Самым убежденным бродягам среди моих друзей ферма казалась райским уголком по той, очевидно, причине, что оставалась на одном месте и никогда не изменялась. Им много где случалось бывать, они разбивали палатки в самых разных местах, но кольцевой подъезд к моему дому казался им вечным, как орбита звезды. Им нравилось видеть знакомые лица, а у меня все годы моего проживания в Африке не менялись слуги. Живя на ферме, я мечтала уехать, а они заявлялись туда, мечтая о книгах, свежих простынях и прохладе за ставнями; сидя у костра, они предавались фантазиям о радостях фермерского существования и, приезжая, спешили спросить меня:
– Ты научила своего повара жарить охотничий омлет?

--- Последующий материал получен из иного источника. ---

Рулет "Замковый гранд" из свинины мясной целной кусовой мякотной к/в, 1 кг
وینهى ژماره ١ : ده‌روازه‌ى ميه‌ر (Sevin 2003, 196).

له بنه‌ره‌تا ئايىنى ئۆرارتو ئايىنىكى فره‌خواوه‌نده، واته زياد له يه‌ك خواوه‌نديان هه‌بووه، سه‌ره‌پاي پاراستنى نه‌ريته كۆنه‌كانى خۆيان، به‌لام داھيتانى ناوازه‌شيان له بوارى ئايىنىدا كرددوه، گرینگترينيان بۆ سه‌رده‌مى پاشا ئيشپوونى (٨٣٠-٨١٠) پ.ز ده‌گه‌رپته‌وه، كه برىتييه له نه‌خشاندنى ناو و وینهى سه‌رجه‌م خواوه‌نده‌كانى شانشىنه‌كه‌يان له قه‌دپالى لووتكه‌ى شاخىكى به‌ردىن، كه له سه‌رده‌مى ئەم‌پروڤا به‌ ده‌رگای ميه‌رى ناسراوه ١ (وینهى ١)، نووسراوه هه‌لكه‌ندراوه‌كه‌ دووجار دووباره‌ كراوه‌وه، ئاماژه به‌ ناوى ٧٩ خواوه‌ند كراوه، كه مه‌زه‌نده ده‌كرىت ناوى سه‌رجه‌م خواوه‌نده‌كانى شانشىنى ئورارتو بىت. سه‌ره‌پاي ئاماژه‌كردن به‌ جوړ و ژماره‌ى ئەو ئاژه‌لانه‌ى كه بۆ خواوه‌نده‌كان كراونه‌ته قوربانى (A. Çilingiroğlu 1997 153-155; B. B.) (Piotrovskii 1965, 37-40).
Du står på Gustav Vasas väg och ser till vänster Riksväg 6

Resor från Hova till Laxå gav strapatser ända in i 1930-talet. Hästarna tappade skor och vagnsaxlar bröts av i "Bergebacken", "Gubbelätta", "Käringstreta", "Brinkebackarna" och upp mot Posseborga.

– Пришли ли с последней почтой пластинки с «Петрушкой» Стравинского?
Они гостили на ферме даже в мое отсутствие. Денис пользовался фермой, пока я находилась в Европе, а Беркли Коул называл ее своим «лесным убежищем».
В обмен на блага цивилизации скитальцы одаривали меня охотничьими трофеями: леопардовыми и гепардовыми шкурами, из которых потом, в Париже, надлежало пошить меховые шубки, шкурами змей и ящериц на туфли, перьями марабу.

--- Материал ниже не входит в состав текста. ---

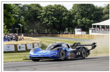
Volkswagen ID R.
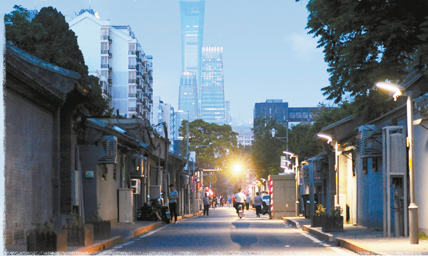
▲东城区建国门街道西总布街区申请式退租和恢复性修建项目街景。
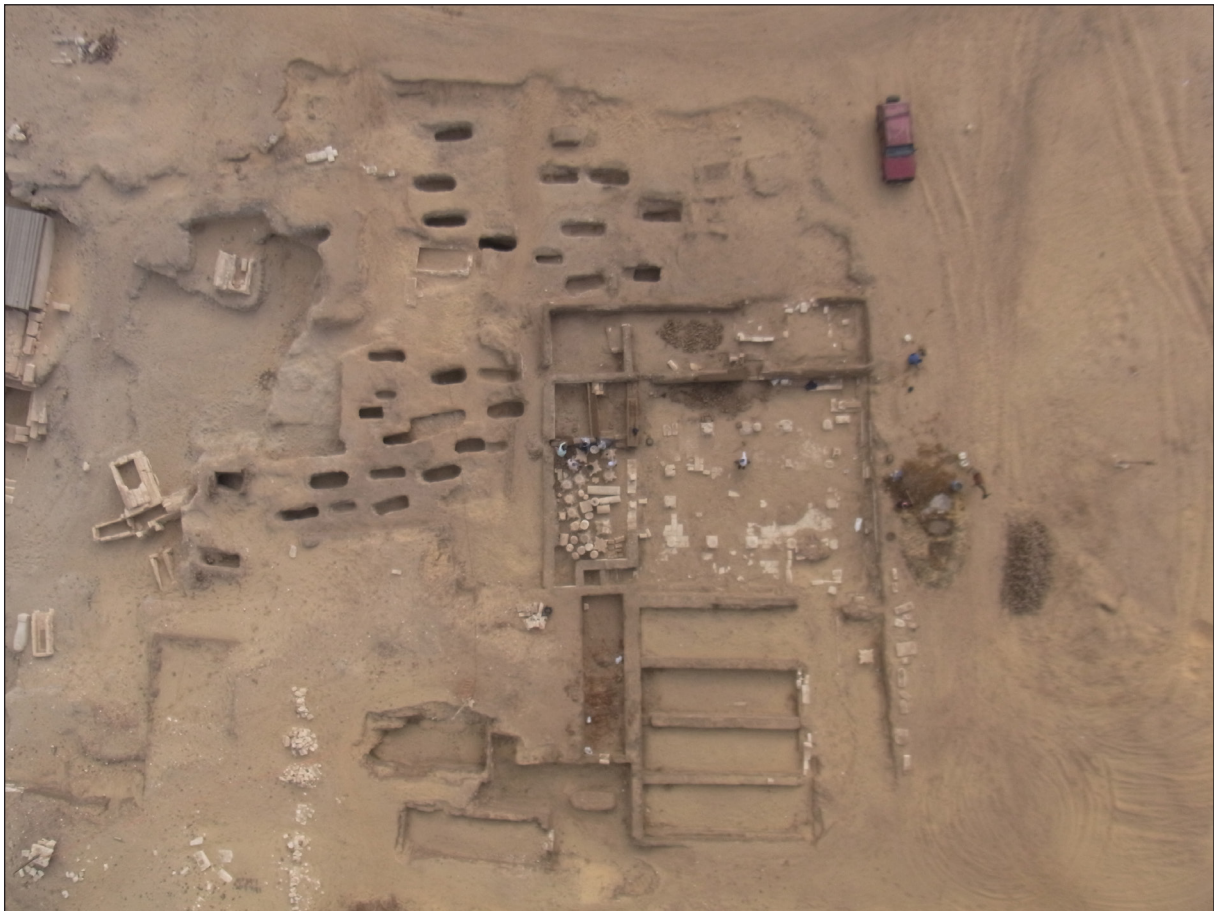
Figura 16. Sectors 29 i 30. Vista aèria.

minat àmbit 32, 35 que contenia una enorme quantitat de peixos de mides molt diverses i disposats per capes. La zona dels peixos que estava en contacte amb els murs de la capella s'adossava i s'hi remuntava. Aquest fet ens confirma que l'estrat de peixos és posterior a la construcció de la capella.
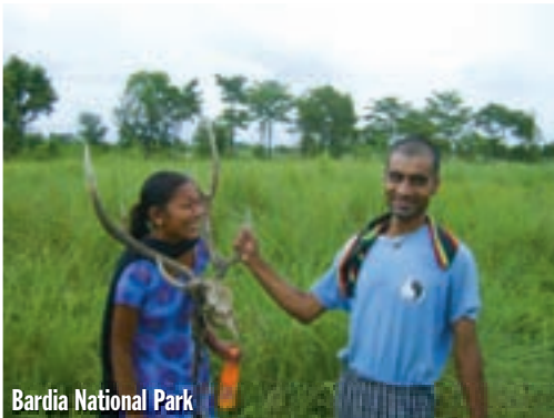
Bardia National Park
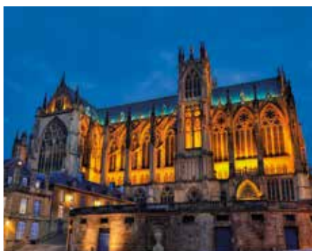
Cathédrale Saint-Étienne de Metz
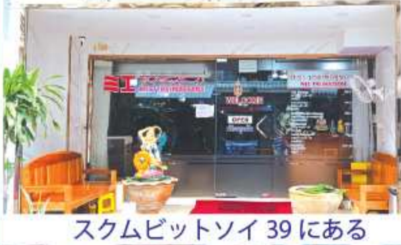
スクムビットソイ 39 にある
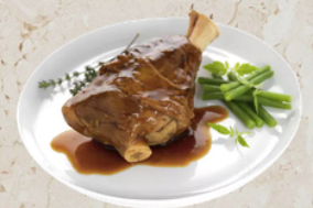
Jarret agneau au thym x6 2.64kg EPC 65077
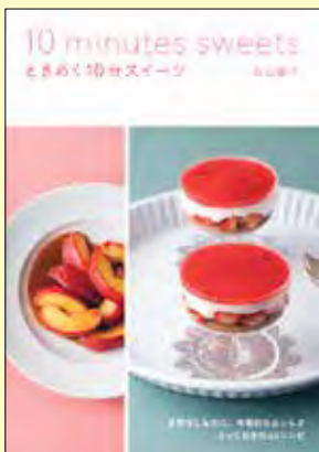
ときめく10分スイーツ 定価: 1,200円+税

人気料理家による、短時間&少ない材料で作れるとびきりおいしいスイーツレシピ。オレンジのティラミスやレアチーズケーキ、パンケーキ、ゼリー、ババロアなど、心躍るスイーツがあつという間にできあがる!
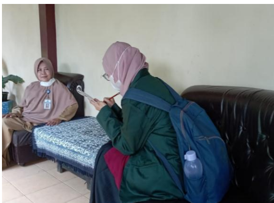
Gambar 1.2 Mengajukan Penyebaran Kuesioner untuk Siswa dan Wawancara
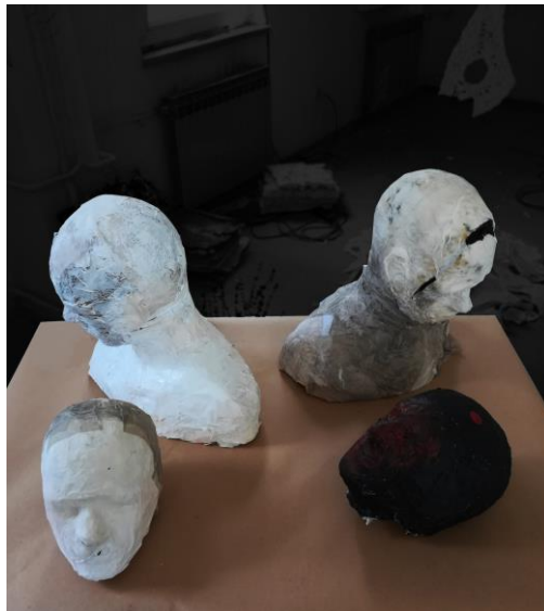
Ljuštura, 2018., kaširanje

Желая доставить им удовольствие, я в их отсутствие экспериментировала с причудливыми рецептами из старинных кулинарных книг и выращивала у себя в саду европейские цветы.
Однажды во время посещения Дании одна старушка подарила мне дюжину луковиц пионов, которые мне, невзирая на строгие карантинные правила, удалось провезти в Африку. Стоило мне их посадить, как они дали кривые пунцовые отростки, на которых вскоре появились нежные листочки и круглые бутоны. Первый из распустившихся цветков назывался «Герцогиня де Немур»: это был благороднейший и пышнейший белый цветок, испускавший сладкий аромат. Когда я срезала его и поставила в воду, всякий белый, входивший в гостиную, делал ему комплименты. Вот это пион! Но вскоре все остальные бутоны засохли и облетели, и белый цветок остался единственным исключением из печального правила.

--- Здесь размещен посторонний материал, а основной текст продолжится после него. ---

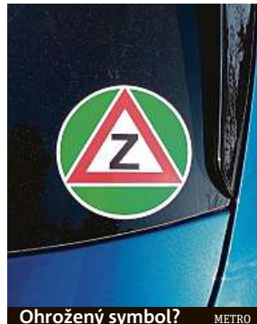
Ohrožený symbol? METRO
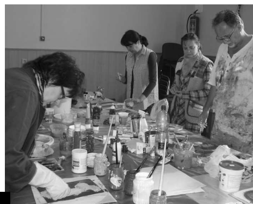
Záujemcovia o fotografickú, výtvarnú a filmovú tvorbu sa tentoraz stretli na tvorivých dňoch vo Vinici
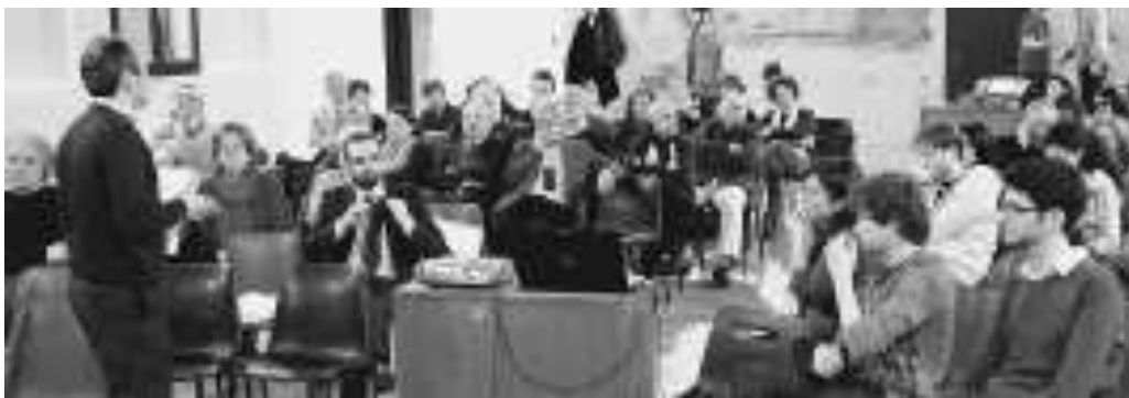
L'incontro della Fabbrica di Nichi in via Boccaleone

I Dibattiti cardiaci della Fabbrica di Vendola
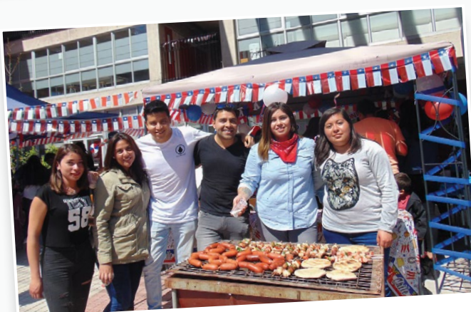
Anticuchos y choripanes degustaron los alumnos de Ovalle.
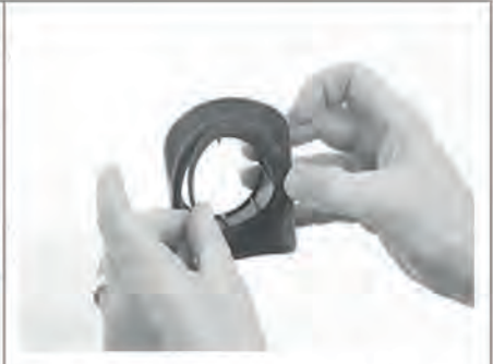
Beiliegende Dichtung in die vorhandene Aussparung einkleben. Dazu Klebefolie entfernen.
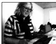
FIGUR 4.7 B LÆNER SIG LÆN- GERE FREM MOD SKÆRMEN. BLIK FASTHOLDES.
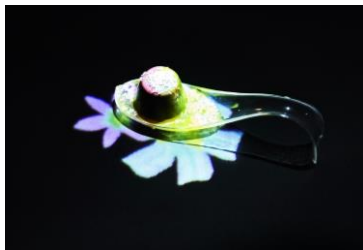
room‘ヒカリ’体験イメージ1

美しくスプーンに盛り付けた3種類の「ピノ」を使った特別メニューをお楽しみいただけます。
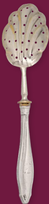
Strooilepel, maker onbekend, verzilverd metaal, 1900-1929, 14,8 cm. Inventarisnummer: NK3591
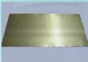
チタン箔シート (NTAC-Ti シート)
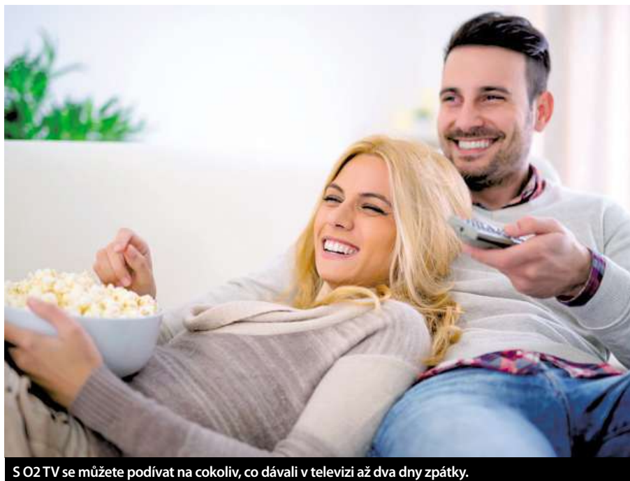
S O2 TV se můžete podívat na cokoli, co dávali v televizi až dva dny zpátky.

Manželka se chce dívat na Ordinaci, ale v Lize mistrů zrovna hraje Barcelona s Arsenallem. V mnoha domácnostech neřešitelný problém a oheň na střechě. Není přitom
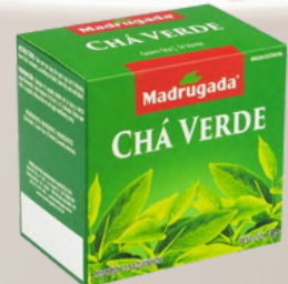
3267 CHA VERDE MADRUGADA 10/1,5GR
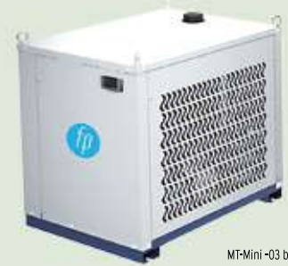
MT-Mini -03 bis -05
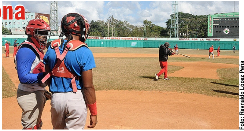
El equipo tunero está enfrascado en su preparación.
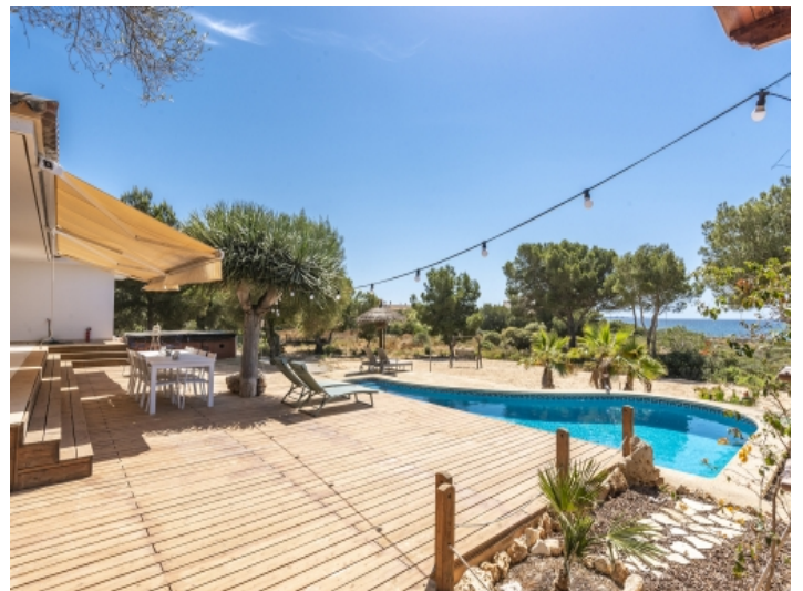
Wundervolle Poolterrasse mit Meerblick
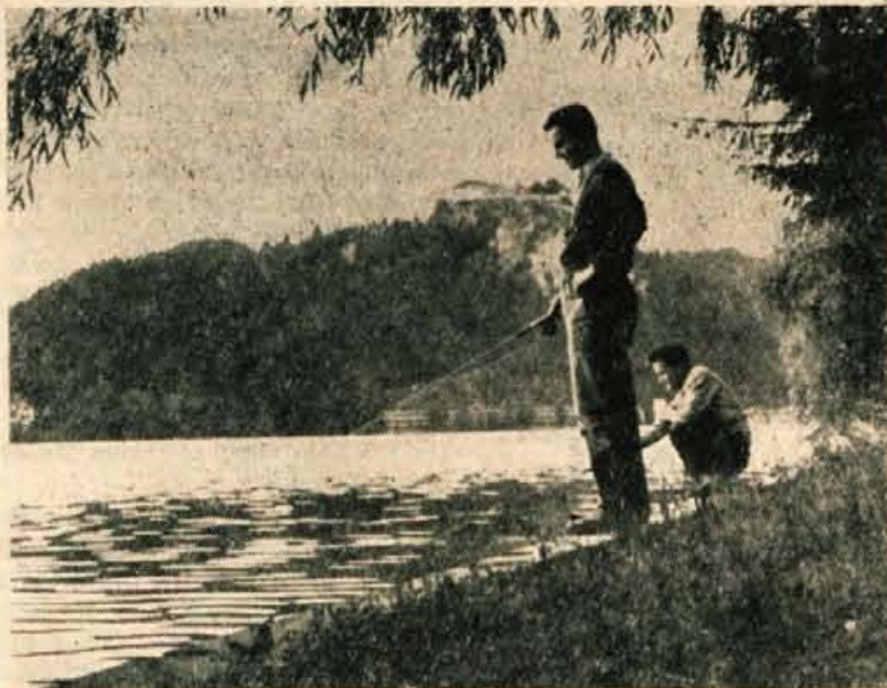
Jesenski motiv z Bleda: RIBIČI OB JEZERU

V razpravi je bila med drugim izrečena misel, da bo spričo velikega obsega gradbenih del investicijski program težko izvesti, ker Gradbeno podjetje in domači obrtniki ne bodo kos vsem delom. Zato se spet lahko zgodi, da se bodo obnovitvena dela preveč zavlekla. — Vse pozornosti je vreden predlog, da bi bilo potrebno za glavno sezono, zlasti pa v času večjih prireditev, zagotoviti določeno število rezervnega trgovskega in gostinskega strežnega osebja. Prav tako bi bilo nujno nabaviti potujoče stojnice, saj je veliko raznih prireditev med sezono v okolici Bleda: v Zaki, na Straži, v kopališču itd. Z rednim trgovskim in gostinskim osebjem večjih strežb v času prireditev ni mogoče izvesti, saj ga še za trgovine s celodnevним obratovanjem ni dovolj. J. B.

Несколько лет спустя я имела беседу по поводу пионов с англичанином, служившим садовником у леди МакМиллан на вилле «Чиромо».
– Нам пока что не удается выращивать в Африке пионы, – пожаловался он, – и не удастся до тех пор, пока мы не вырастим здесь цветок из завезенной луковицы и не соберем его семена. Таким способом мы уже украсили колонию дельфиниумом.
Получалось, что у меня была возможность привить в стране пионы и обессмертить свое имя, подобно имени герцогини де Немур; но я собственноручно поставила крест на прекрасном будущем, срезав свой единственный цветок и поместив его в вазу. Потом мне часто снилось, что у меня на глазах растут белые пионы, и я радовалась во сне, что не срезала первый цветок.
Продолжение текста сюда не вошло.